Hanya Karena Pakai Cadar, Dua Pria Serang Dan Tendang Perut Muslimah Yang Sedang Hamil

Hanya Karena Pakai Cadar, Dua Pria Serang Dan Tendang Perut Muslimah Yang Sedang Hamil

author photo
Diskriminasi dan kebencian terhadap islam memang sebagian besar tertuju kepada para muslimah. Ini karena mereka memiliki pakaian yang jelas sangat berbeda dari kebanyakan wanita dimana mereka akan berpakaian tertutup, bahkan mengenakan cadar sebagai bentuk syariat yang Allah tetapkan.

Hanya Karena Pakai Cadar, Dua Pria Serang Dan Tendang Perut Muslimah Yang Sedang Hamil

Perilaku kebencian itu pun terjadi di Spanyol dan polisi sudah menangkap dua pelakunya yang berjenis kelamin pria pada hari Rabu (7/9/2016) lantaran melakukan serangan terhadap seorang muslimah yang sedang hamil.

Dari keterangan kepolisian Spanyol, awalnya muslimah hamil yang bercadar tersebut sedang berjalan-jalan di pusat Barcelona bersama dengan suami dan anak-anaknya. Setelah itu muncul dua orang pria yang mendekat dan menghina mereka, terutama soal berpakaian wanita bercadar tersebut. Diketahui bahwa keduanya terlibat kelompok ekstrim sayap kanan yang anti terhadap islam, sebagaimana yang dikutip dari Anadolu Agency.

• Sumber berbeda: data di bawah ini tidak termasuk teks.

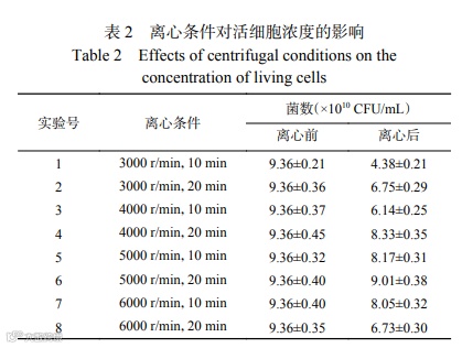 离心是发酵剂制备的关键工艺环节,因此实验研究了离心转数及时间对收获的活细胞浓度的影响见表2。

Karena penghinaan tersebut, sang suami muslimah itu pun mengecam tindakan keduanya yang membenci keberadaan mereka. Bukannya sadar, justru keduanya mendorong sang suami dan melakukan tindakan kekerasan.

Melihat suaminya jatuh tergeletak diserang oleh dua orang, membuat muslimah yang sedang hamil itu ikut turun tangan. Parahnya salah seorang penyerang malah menendang perut muslimah hamil tersebut, sebagaimana ucapan para saksi yang melihatnya.

Namun beruntung kejadian itu tidak berlangsung lama, karena para saksi melaporkan kepada pihak kepolisian dan menangkap keduanya. Dalam tuduhannya mereka dijerat dengan pasal melakukan tindakan diskriminasi, kebencian dan membuat orang lain terluka.

Memang Barcelona menjadi daerah yang memiliki tingkat kebencian terhadap islam tertinggi di negara Spanyol yakni berjumlah 215 kasus dan diikuti Madrid dengan jumlah 159 kasus di tahun 2015 silam.